Image quality measurements and denoising using Fourier Ring Correlations

TL;DR

This paper introduces a Fourier Ring Correlation (FRC) based loss function for image denoising, demonstrating its effectiveness on natural images and its advantages over traditional L1/L2 losses in training neural networks.

Contribution

The paper adapts FRC, a microscopy metric, as a differentiable loss function for neural network training, enabling improved image denoising performance.

Findings

FRC can be effectively applied to natural images.

FRC-based loss accelerates training and improves denoising results.

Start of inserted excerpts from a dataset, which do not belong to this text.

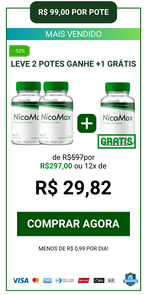 O NicoMax é protegido pela Garantia Blindada, se onde dentro de 90 dias você achar que o suplemento não fez o efeito desejado ou não apresentou nenhuma melhora em seu caso, basta entrar em contato com nossa equipe que iremos lhe devolver 100% do valor investido na hora!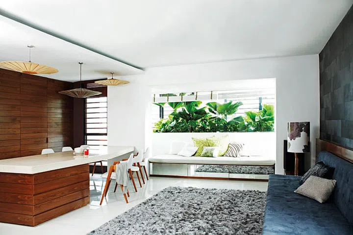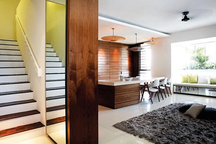 This two-floor condominium apartment in the East gets an overhaul that brings a slice of nature indoors. Designed by Formwerkz Architects, the sliding glass windows let the family enjoy the greenery in the comfort of an air-conditioned room, without having to worry about bugs bothering them.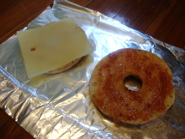 I packed a toasted Bagel Thin, topped with a slice of 2% Swiss and Crofter’s Strawberry Fruit Spread,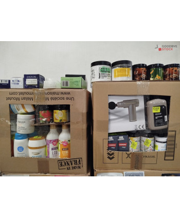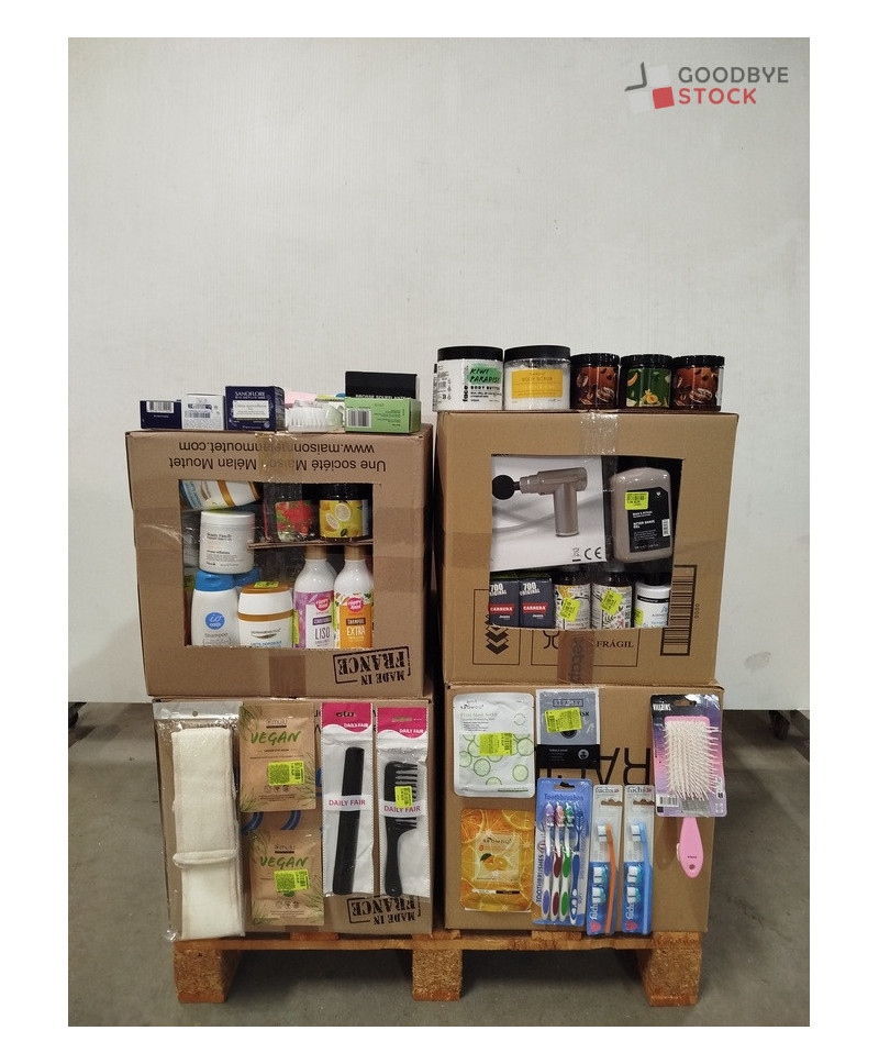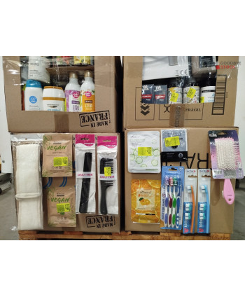 Lot de 4 cartons de produits d'hygiène corporelle comprenant : des crèmes pour le corps, des brosses, des crèmes dépilatoire etc..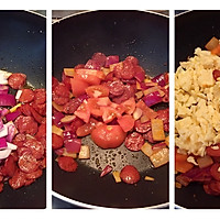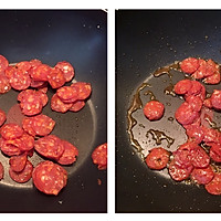 After that, no more oil is put in the pot, just stir-fry the left sausage and stir-fry the red oil in the sausage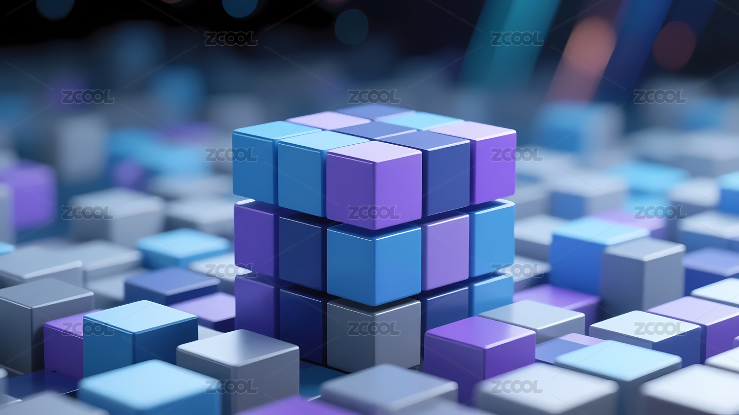 冷色调几何立方体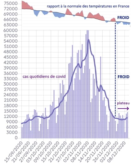 Cas de covid-19 par jour et évolution de la température moyenne du 15 septembre au 10 décembre 2020 - montage Météo Villes via France Info et Infoclimat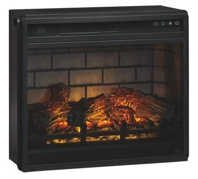 Enjoy the cozy feel of a cracklin’ fireplace without the hassle, maintenance or cleanup. Available as an addition on select TV stands and entertainment centers, this fireplace insert with faux firebrick surround operates with or without infrared heat and includes a multi flame feature, 7-level temperature setting, five brightness levels and LED glowing embers effect.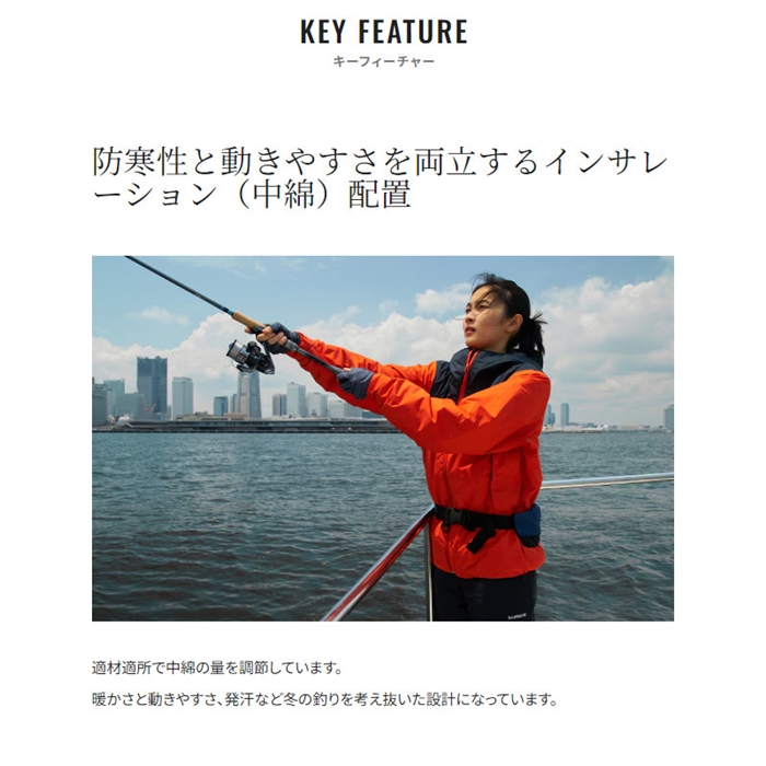 シマノの防水透湿基準「ドライシールド」をクリアした、メンテナンスしやすい化繊インサレーションレインスーツ。ライフジャケットを着用した際のポケットの位置や釣りの動きにあわせた中綿の配置など、釣り場で考えぬいて形にしたコストパフォーマンスに優れるレインスーツです。従来品RB-017Tと比較してメインのインサレーション(中綿)を150%へ増量し、保温性能も充分確保しました。[24new04]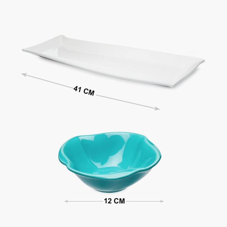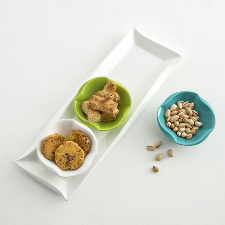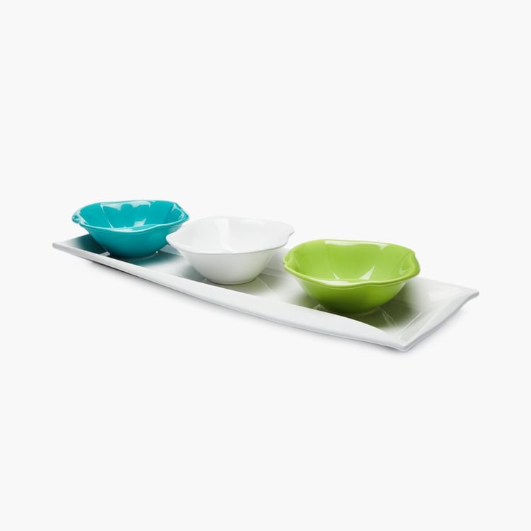 Complete your dining ensemble with this serving platter set which consists of three multicoloured bowls and a tray.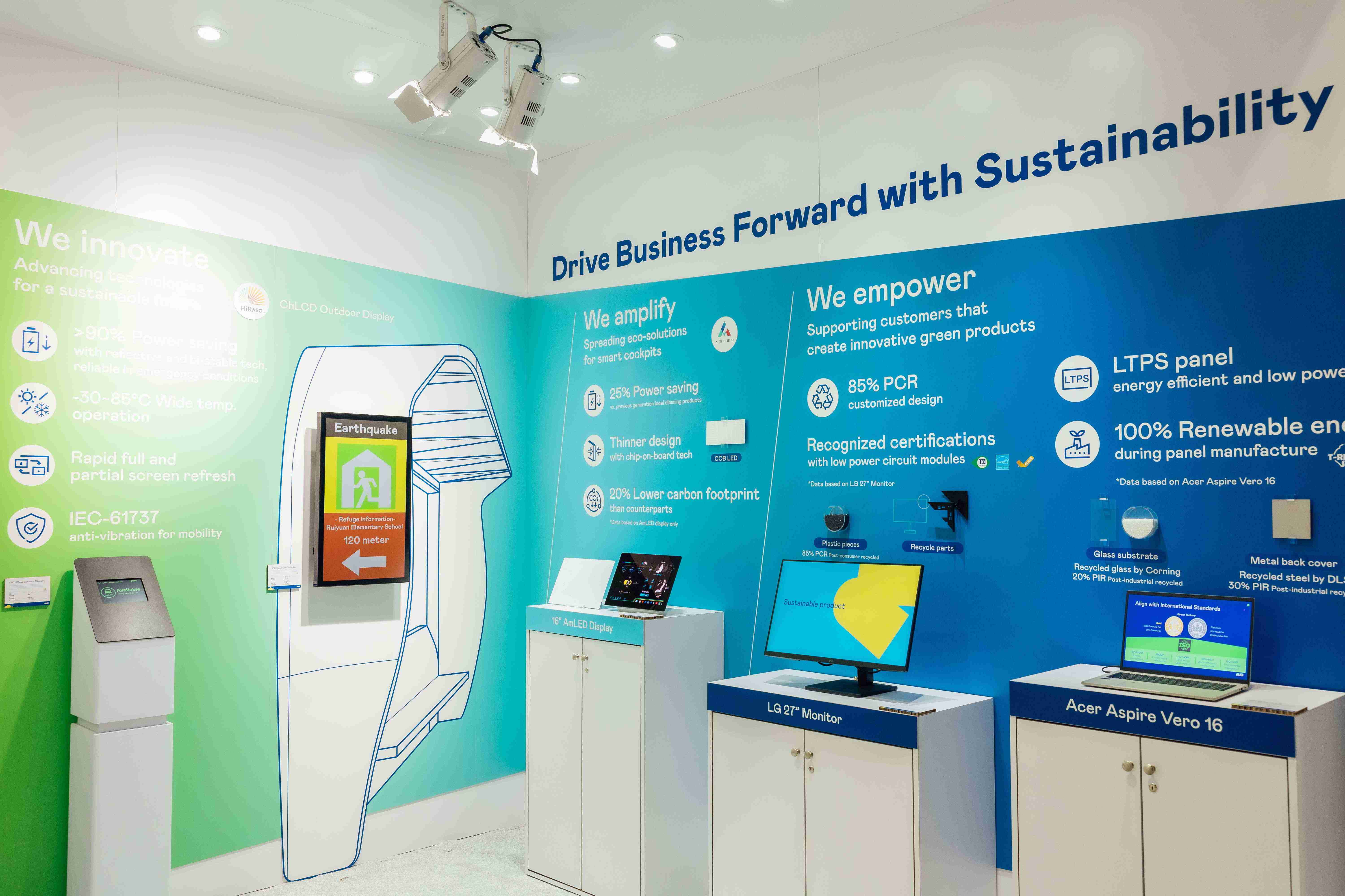 PA直营运用创新显示技术HiRaso胆固醇液晶双稳态技术达到显示零耗能、、、扩大节能省电的AmLED显示技术应用于车用产品、、、、以再生的消费后回收(PCR)塑料及全绿电生产之面板,,,应用于笔电及萤幕,,增加绿色价值。。。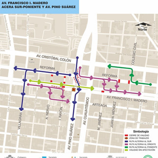 Quienes van por Madero, el carril norte continuará con su vialidad de manera normal, en cambio, para quienes transitan por el carril sur, debido a que los trabajos se desarrollarán en el cruce de Madero y Pino Suárez, se sugiere tomar las calles Amado Nervo o Rayón como alternativas viales.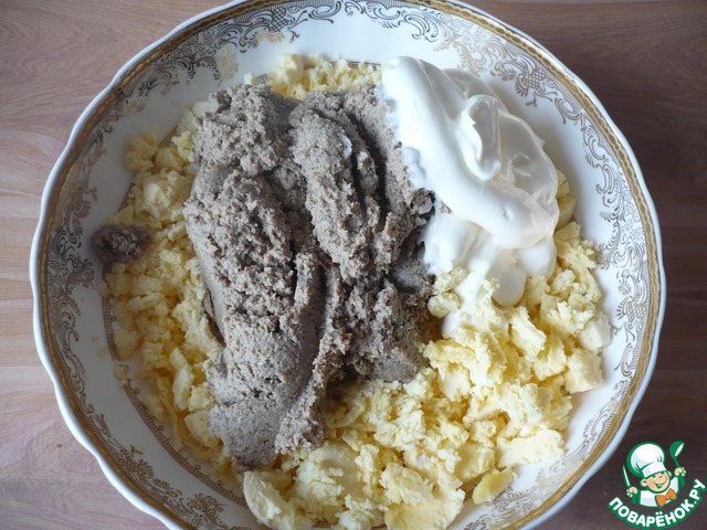 Добавить в желтки измельченную печень с грибами и майонез. Все хорошо перемешать.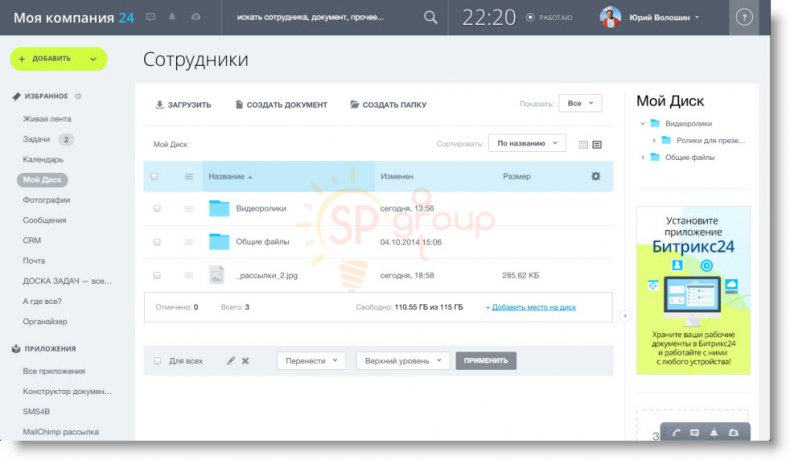 Помимо этого, для облачного хранилища Битрикс24.Диск был сделан полный рефакторинг. В результате значительно возросла скорость работы.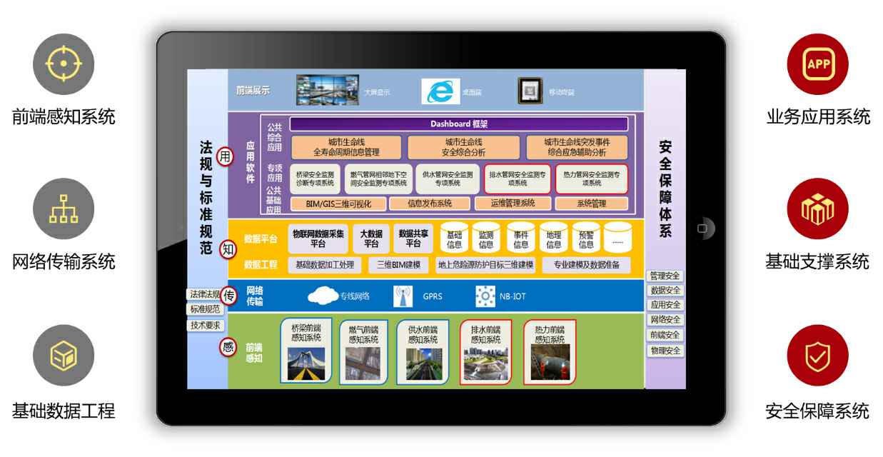 合肥市城市生命线工程安全运行监测系统项目包括桥梁安全、燃气管网、供水管、排水管网和热力管网,按照统筹规划、顶层设计、资源共享、集约建设的总体建设原则,“点、线、面”相结合方式进行成果应用扩展,打造合肥市城市生命线工程公共基础设施安全运行综合支撑平台,创新城市管理模式,做到3个“统一”统一标准、统一监管、统一服务),4个“全面”全面感知、全面接入、全面监控、全面预警),5个“落地”风险可视化、监管规范化、运行透明化、管理精细化、保障主动化)的建设目标。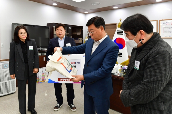 [광성일보] 성남시는 현대백화점 판교점이 모란전통기름시장 고객들에 나눠줄 장바구니 700개(600만원 상당)를 지원했다고 17일 밝혔다.시는 1월 16일 오후 시장 집무실에서 신상진 성남시장과 곽창환 현대백화점 판교점 부점장, 조광용 모란전통기름시장 상인회장, 김순한 소상공인시장진흥공단 성남센터장 등이 참석한 가운데 ‘백년기름특화거리 활성화를 위한 홍보 물품 전달식’을 했다.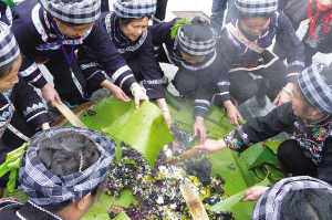 布依同胞正熱情地為各位嘉賓、朋友備送布依“三月三”花米飯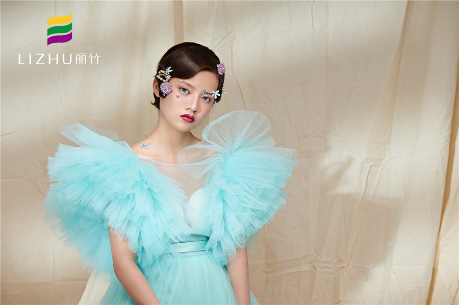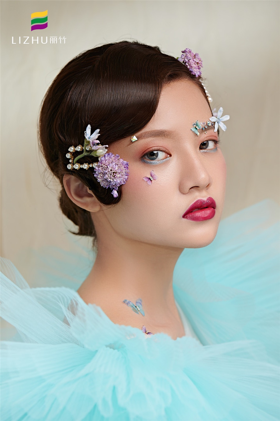 麗竹學(xué)校彩妝作品---流光·化蝶 ·夢幻:藍(lán)色輕紗加上妝容花朵點(diǎn)綴,頭飾與發(fā)型的完美搭配,流淌出輕柔舒緩之美,簡約自然的情緒態(tài)度。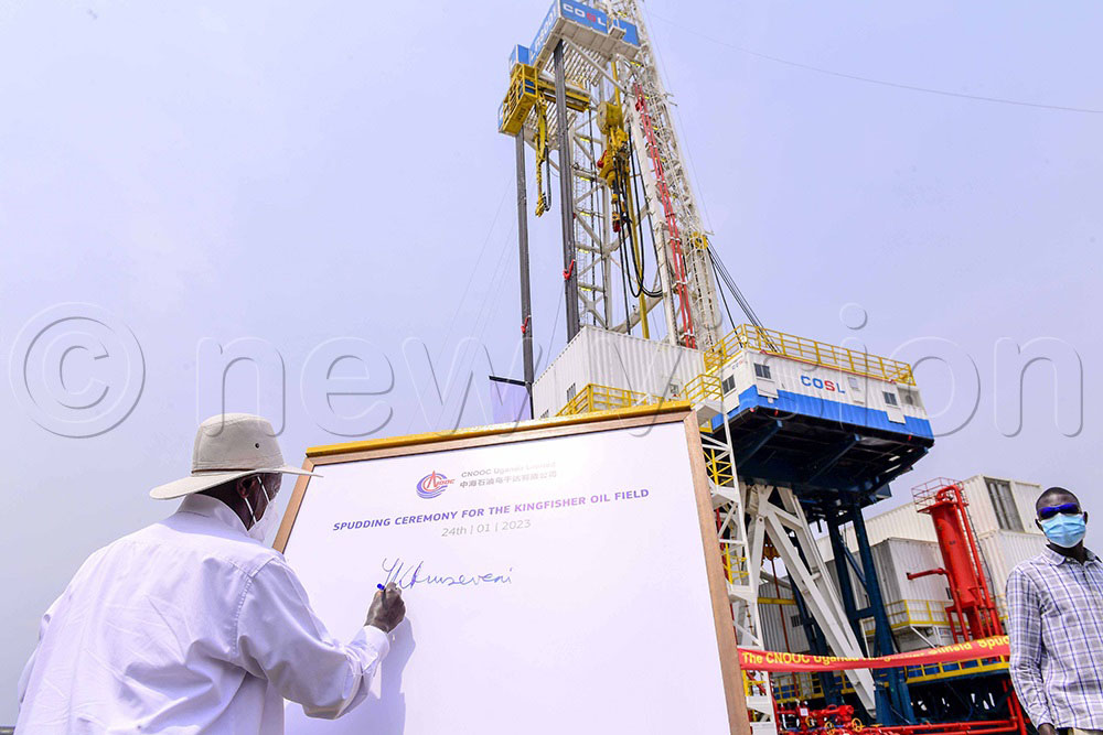 In this file photo, Uganda's President Yoweri Kaguta Museveni launches Oil production by CNOOC Rig at Kingfisher in Kikuube district. Uganda’s economy is projected to grow strongly, with gross domestic product (GDP) expected to rise from $59.3b (about sh222.7 trillion) in the current financial year to $66.1b (sh250 trillion) next financial year (2025/26).

FRC analysis reveals properties and limitations of neural network denoising.

Abstract

Image quality is a nebulous concept with different meanings to different people. To quantify image quality a relative difference is typically calculated between a corrupted image and a ground truth image. But what metric should we use for measuring this difference? Ideally, the metric should perform well for both natural and scientific images. The structural similarity index (SSIM) is a good measure for how humans perceive image similarities, but is not sensitive to differences that are scientifically meaningful in microscopy. In electron and super-resolution microscopy, the Fourier Ring Correlation (FRC) is often used, but is little known outside of these fields. Here we show that the FRC can equally well be applied to natural images, e.g. the Google Open Images dataset. We then define a loss function based on the FRC, show that it is analytically differentiable, and use it to train a U-net for denoising of images. This FRC-based loss function allows the network to train faster and achieve similar or better results than when using L1- or L2- based losses. We also investigate the properties and limitations of neural network denoising with the FRC analysis.